6.1. The facts and grounds of the appeal have been carefully considered. It is evident from the assessment order that the AO had given sufficient opportunity to file explanation, first through notices u/s 142(1). The appellant failed to respond to any of these letters/notices. In fact, the appellant did not file any return despite service of notice u/s 148. Later, a final show cause notice dated 29-10-2018 along with the notice u/s 142(1) issued to the appellant and the appellant has not responded. From this record, it is well understood that the appellant had no explanation about the said addition and therefore AO had rightly concluded the assessment u/s 144 by making addition of Rs. 15,98,000/- as unexplained cash deposits to the total income of the appellant.
6.2. Though the appellant claims that the AO was not justified in making such assessment, he never put forth any reasons for claiming so. Even during current appellant proceedings, the appellant never came forward with his explanation to the grounds mentioned by the appellant despite being offered number of opportunities through hearing notices issued by this office.
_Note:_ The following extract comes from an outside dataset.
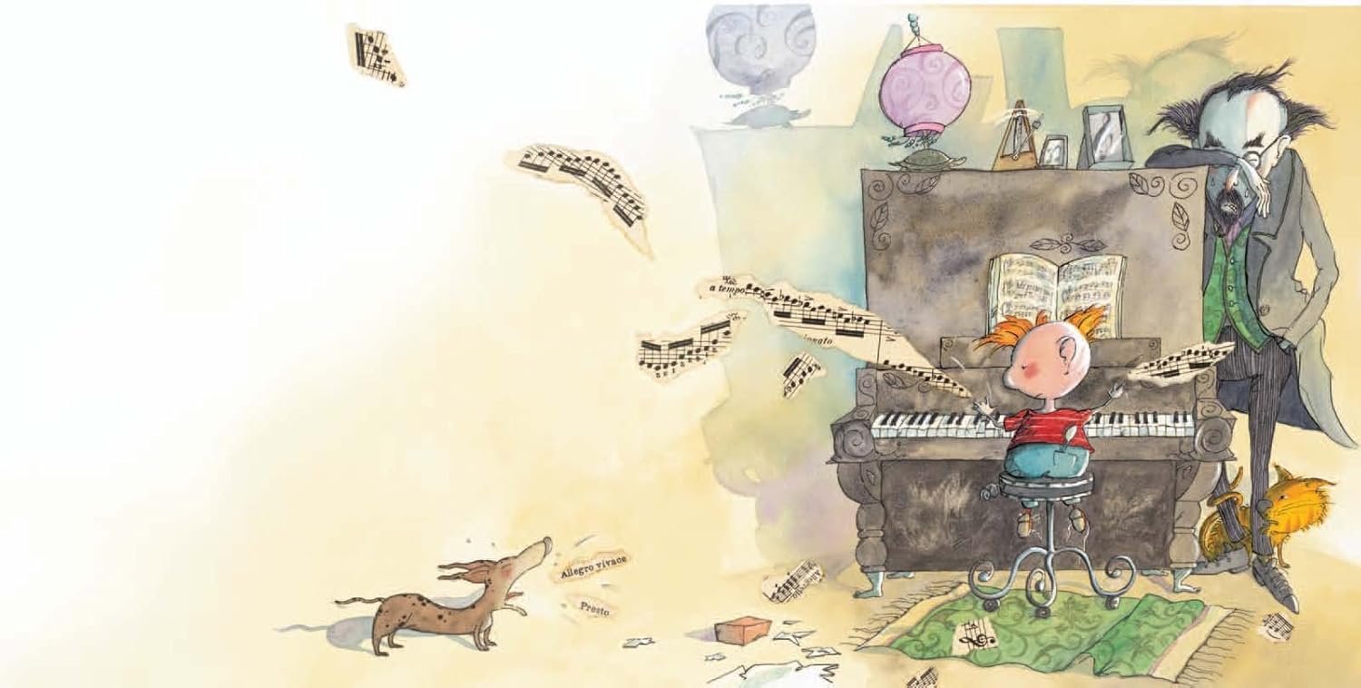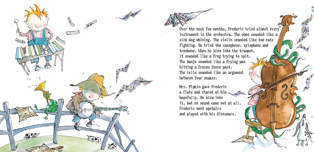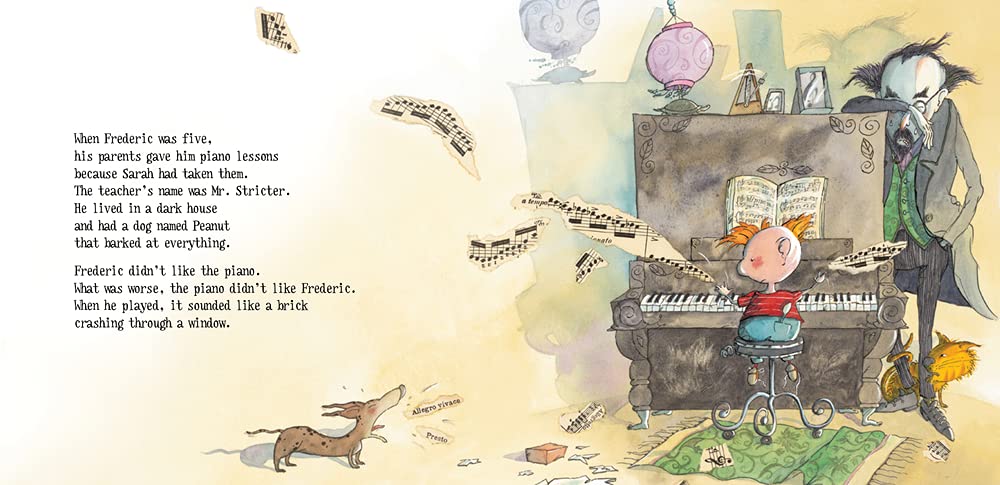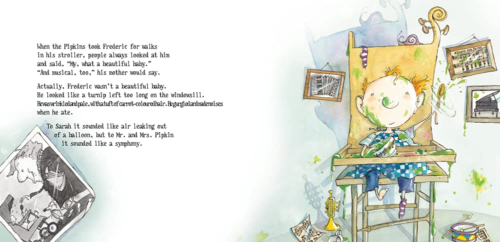 A story about finding your own way to follow in your family’s footsteps, featuring 12 fabulous songs. Oh, that darn Frederic Pipin! He’ll do anything to get out of learning how to play an instrument, much to the chagrin of his loving parents, who named him after the great Chopin. Piano lessons with Mr. Stricter prove to be disastrous, so he has a go at the cello, the oboe, and the clarinet… but sadly, nothing fits. Until one glorious day, he attends his sister's recital and falls under the spell of an incredible conductor. To the amazement of the Pipkin family, what follows is the discovery of Frederic’s new gift and a fabulous new song. Includes a CD (and a unique digital download code) featuring a dozen pop-rock songs inspired by the story. WINNER OF THE PARENTS’ CHOICE RECOMMENDED AWARD

The onus lies on the appellant to prove his case before seeking relief in the appellate proceedings. On this front, appellant miserably failed. In these circumstances, it is deemed fit not to interfere with the assessment made by the AO. Accordingly, the addition made by the AO is upheld and grounds are dismissed.”
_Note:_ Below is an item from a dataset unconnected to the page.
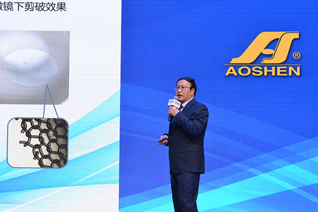 3月13日,“融-合”奧神氨綸新產(chǎn)品發(fā)布會在上海國家會展中心成功舉辦!中國工程院院士蔣士成、中國化學纖維工業(yè)協(xié)會副會長賀燕麗、趙向東等嘉賓蒞臨現(xiàn)場,在國內(nèi)外的眾多客戶代表、觀眾共同見證下,氨綸公司低溫熱粘合氨綸和石墨烯氨綸兩大新產(chǎn)品正式面市。為期3天的展會上,有將近500位訪客前來氨綸公司展位咨詢洽談,特別是吸引到來自美國、德國、土耳其、日本、巴基斯坦、伊朗等眾多國外客商的熱切關注。

3.2. On further verifying the records, we also noticed that during the assessment proceedings, notice under section 142(1) dated 13.08.2018 was issued by the AO fixing the case for hearing on 27.08.2018, but the same returned back undelivered. Thereafter, notices u/s 148 and 142(1) of the Act were served through affixture on the assessee. Since no compliance was made by the assessee, a final show cause notice under section 144 dated 29.10.2018 along with notice under section 142(1) of the Act was issued to the assessee fixing the date of hearing on 14.11.2018 to furnish the reasons why the cash deposit in the saving bank account should not treated as unexplained money under section 69A of the Act. In the said notice it was specifically mentioned that in case of non compliance, order under section 144 shall be passed. Since, even on the said date of hearing none appeared on behalf of the assessee, therefore, the order of assessment was passed under section 144/147 of the IT Act on 26.11.2018 thereby making the addition.
3.3. From the entire sequence of events and the conduct of the assessee in non compliance of the repeated notices, it appears gross negligence on the part of the assessee and wastage of precious time. In our considered view, non compliance of notice issued by the Authorities and non appearance before the Authorities inspite of repeated notices/summons is dis-regard towards the Authorities. Be that as it may, without going into merits, considering the interest of natural justice, one more opportunity is granted to the assessee, of Rs. 5,000/- for negligent attitude during income tax proceedings, to be deposited in the Prime Minister’s Care Fund and proof thereof should be produced.
Since we have restored the matter to the file of the A.O. for adjudicating the matter afresh after providing reasonable opportunity to the assessee, the other grounds raised have become infructuous and need no adjudication.
In the result, the appeal of the assessee is allowed for statistical purposes.
Order pronounced in the open Court on 31/08/2022.